● **Exercise requirements**
Your output must be the lines below from the line containing "米家小米养生壶N1烧水壶恒温" to the line containing "Si vous recherchez", both lines included, reproduced exactly and without pictures.

● **Materials provided**
•••••

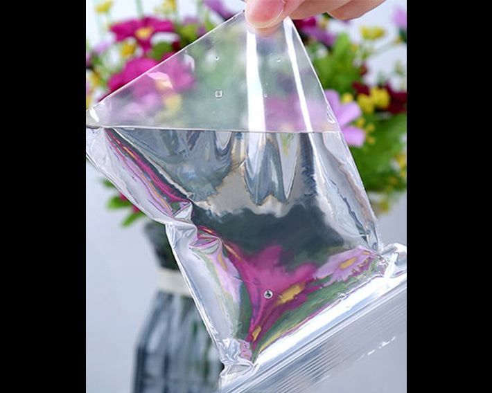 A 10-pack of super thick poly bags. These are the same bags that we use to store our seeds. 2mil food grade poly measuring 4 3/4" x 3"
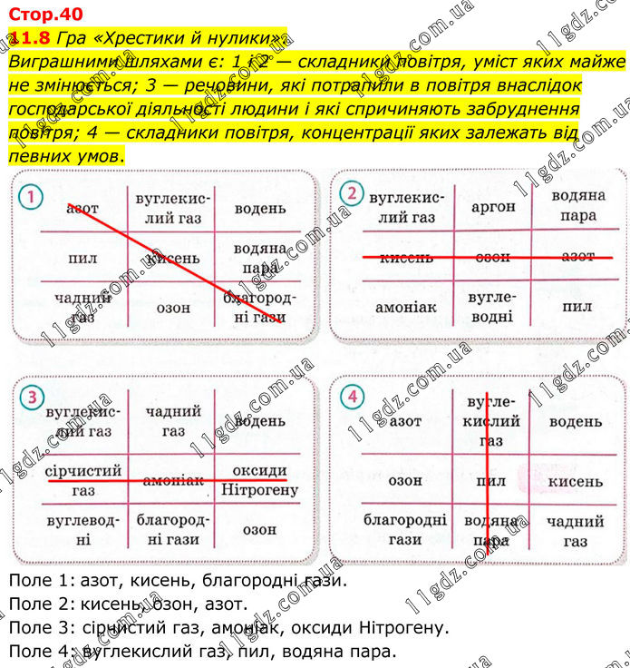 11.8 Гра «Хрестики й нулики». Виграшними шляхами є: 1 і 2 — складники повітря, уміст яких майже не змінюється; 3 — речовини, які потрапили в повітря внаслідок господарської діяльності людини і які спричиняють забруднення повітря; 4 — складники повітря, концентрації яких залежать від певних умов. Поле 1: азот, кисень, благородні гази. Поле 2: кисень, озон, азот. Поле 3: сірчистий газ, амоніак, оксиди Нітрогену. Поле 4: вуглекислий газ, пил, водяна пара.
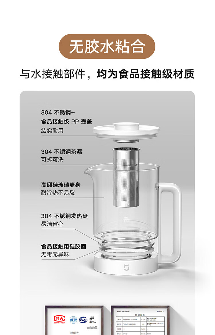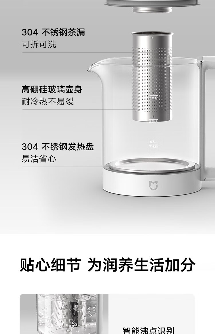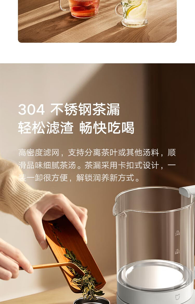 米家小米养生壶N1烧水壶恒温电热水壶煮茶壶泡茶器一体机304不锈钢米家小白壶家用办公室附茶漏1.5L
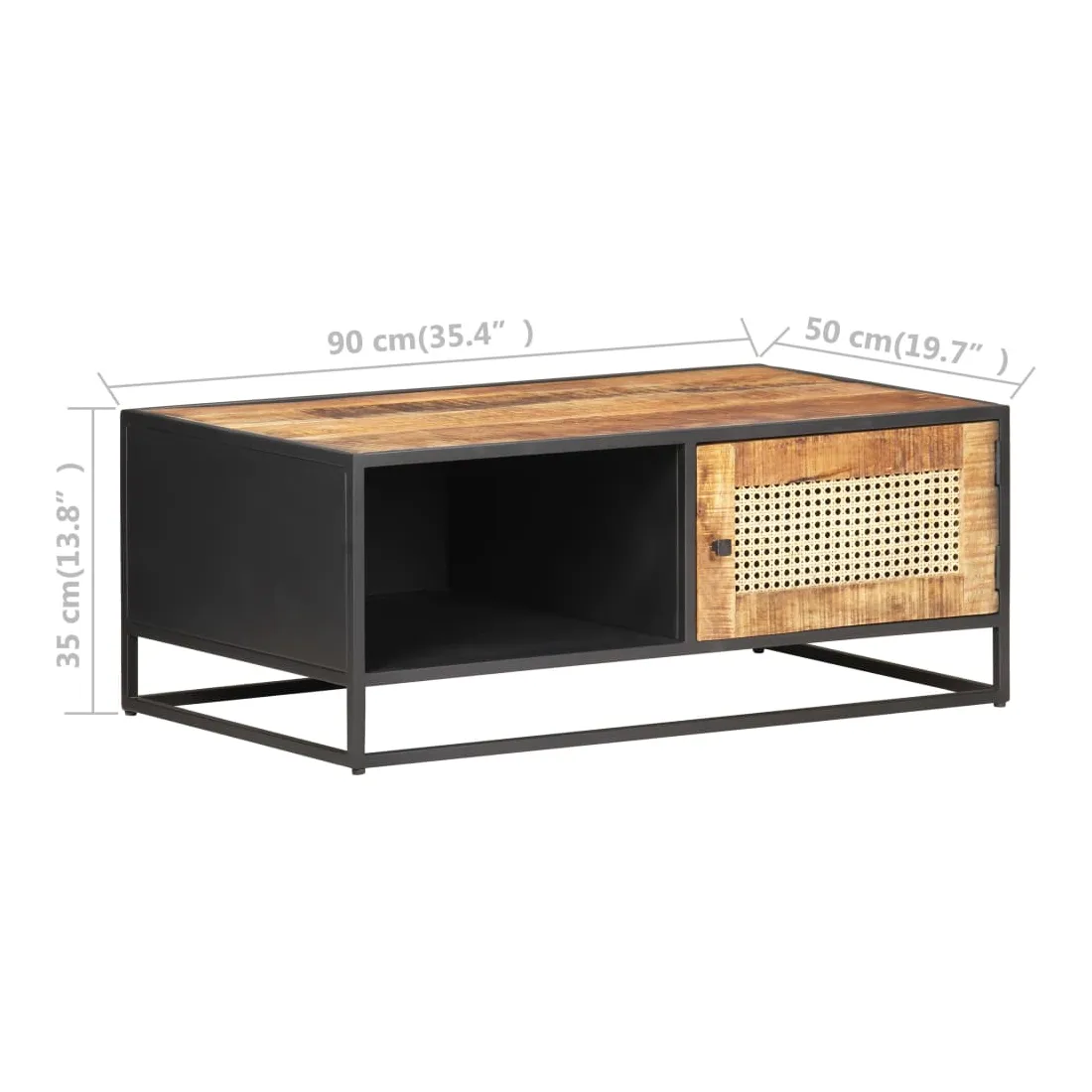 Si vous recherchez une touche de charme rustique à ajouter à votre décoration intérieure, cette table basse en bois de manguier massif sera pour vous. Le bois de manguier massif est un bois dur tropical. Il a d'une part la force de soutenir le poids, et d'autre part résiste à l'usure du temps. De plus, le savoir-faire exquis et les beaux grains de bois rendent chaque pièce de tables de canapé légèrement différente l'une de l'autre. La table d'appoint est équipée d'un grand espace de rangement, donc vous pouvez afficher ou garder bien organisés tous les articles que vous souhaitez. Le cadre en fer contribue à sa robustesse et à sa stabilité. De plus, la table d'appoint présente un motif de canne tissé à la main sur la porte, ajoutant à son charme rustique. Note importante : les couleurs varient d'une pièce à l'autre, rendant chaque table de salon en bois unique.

•••••

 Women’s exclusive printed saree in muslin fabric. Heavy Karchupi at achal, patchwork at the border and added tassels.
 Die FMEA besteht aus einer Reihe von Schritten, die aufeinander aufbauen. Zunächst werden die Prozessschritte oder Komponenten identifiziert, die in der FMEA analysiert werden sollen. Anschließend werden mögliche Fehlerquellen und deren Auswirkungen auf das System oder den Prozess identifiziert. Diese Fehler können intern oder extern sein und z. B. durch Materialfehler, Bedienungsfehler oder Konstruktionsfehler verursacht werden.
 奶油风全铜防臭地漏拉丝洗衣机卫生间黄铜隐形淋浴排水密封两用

•••••

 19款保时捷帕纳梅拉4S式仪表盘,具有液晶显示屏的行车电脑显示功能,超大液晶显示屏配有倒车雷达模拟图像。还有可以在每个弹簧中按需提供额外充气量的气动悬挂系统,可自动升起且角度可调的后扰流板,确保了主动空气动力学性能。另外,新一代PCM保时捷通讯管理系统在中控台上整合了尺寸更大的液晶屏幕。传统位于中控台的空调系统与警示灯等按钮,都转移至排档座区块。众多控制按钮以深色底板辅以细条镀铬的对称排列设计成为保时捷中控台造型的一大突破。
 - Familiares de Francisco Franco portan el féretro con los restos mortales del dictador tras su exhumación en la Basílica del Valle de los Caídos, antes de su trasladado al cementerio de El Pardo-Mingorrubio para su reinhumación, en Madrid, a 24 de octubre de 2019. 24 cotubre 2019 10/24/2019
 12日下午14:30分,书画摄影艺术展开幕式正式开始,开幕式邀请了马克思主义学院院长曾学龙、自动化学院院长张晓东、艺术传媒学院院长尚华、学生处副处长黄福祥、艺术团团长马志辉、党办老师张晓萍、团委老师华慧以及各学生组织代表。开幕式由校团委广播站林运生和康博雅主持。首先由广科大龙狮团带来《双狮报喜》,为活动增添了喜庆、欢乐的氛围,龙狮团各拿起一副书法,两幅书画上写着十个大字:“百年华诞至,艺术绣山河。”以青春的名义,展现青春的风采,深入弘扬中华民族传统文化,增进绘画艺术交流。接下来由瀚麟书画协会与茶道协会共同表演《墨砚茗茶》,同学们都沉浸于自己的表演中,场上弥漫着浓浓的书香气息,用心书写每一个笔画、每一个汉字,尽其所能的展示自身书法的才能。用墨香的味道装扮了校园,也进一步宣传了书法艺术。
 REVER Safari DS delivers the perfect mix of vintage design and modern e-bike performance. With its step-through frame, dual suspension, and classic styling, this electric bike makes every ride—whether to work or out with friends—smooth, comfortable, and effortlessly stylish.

•••••

● **Result for this task**
 米家小米养生壶N1烧水壶恒温电热水壶煮茶壶泡茶器一体机304不锈钢米家小白壶家用办公室附茶漏1.5L
 Si vous recherchez une touche de charme rustique à ajouter à votre décoration intérieure, cette table basse en bois de manguier massif sera pour vous. Le bois de manguier massif est un bois dur tropical. Il a d'une part la force de soutenir le poids, et d'autre part résiste à l'usure du temps. De plus, le savoir-faire exquis et les beaux grains de bois rendent chaque pièce de tables de canapé légèrement différente l'une de l'autre. La table d'appoint est équipée d'un grand espace de rangement, donc vous pouvez afficher ou garder bien organisés tous les articles que vous souhaitez. Le cadre en fer contribue à sa robustesse et à sa stabilité. De plus, la table d'appoint présente un motif de canne tissé à la main sur la porte, ajoutant à son charme rustique. Note importante : les couleurs varient d'une pièce à l'autre, rendant chaque table de salon en bois unique.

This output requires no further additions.